Hello,
I started using Bokeh a few months ago and I´m new to this forum. I stated this question on StackOverflow about the different possibilities to update one column in a CDS and the time it takes to update.
Now I investigated a little bit further and to me it seems, that the time it takes to update one specific column in a CDS actually not only depends on the number of rows of that CDS (which to me would sound very logical), but it also depends on the number of total columns in that CDS. This is something I would not have expected.

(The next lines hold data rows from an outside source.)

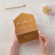This rustic gold gradient all in one wedding invitation features elegant white typography overlaid on understated earth tones and a detachable RSVP card. Simple light orange and bronze hues follow the current fall trends for a bohemian wedding this autumn. Complete the look with your minimalist script over the colour fade.
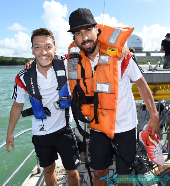 北京時(shí)間6月11日,世界杯臨近,德國隊(duì)近日與瑞士冒險(xiǎn)家霍恩一起揚(yáng)帆起航,出海游玩,讓隊(duì)員們?cè)诖筚惽俺浞址潘伞6螨R爾和拉姆等人在船上玩的不亦樂乎。
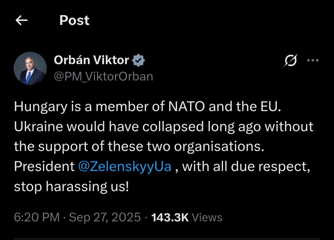 Hungarian Prime Minister Viktor Orbán has called on Ukrainian President Volodymyr Zelensky to cease what he described as harassment. In a statement, Orbán emphasized Hungary"s membership in NATO and the European Union, asserting that Ukraine would have collapsed without the support of these organizations.

The following is a MRE that I made to show this behavior.
#Using Bokeh==2.3.0
import pandas as pd
from bokeh.plotting import figure, curdoc, show
from bokeh.models import ColumnDataSource
from bokeh.layouts import layout
import random
import time
import numpy as np
N_test = 3
times_list_cols = []
def update_data(n_cols, n_rows):
# Prepare a CDS with some random value:
df = pd.DataFrame({"Value1": [int(random.random()*10) for i in range(n_rows)]})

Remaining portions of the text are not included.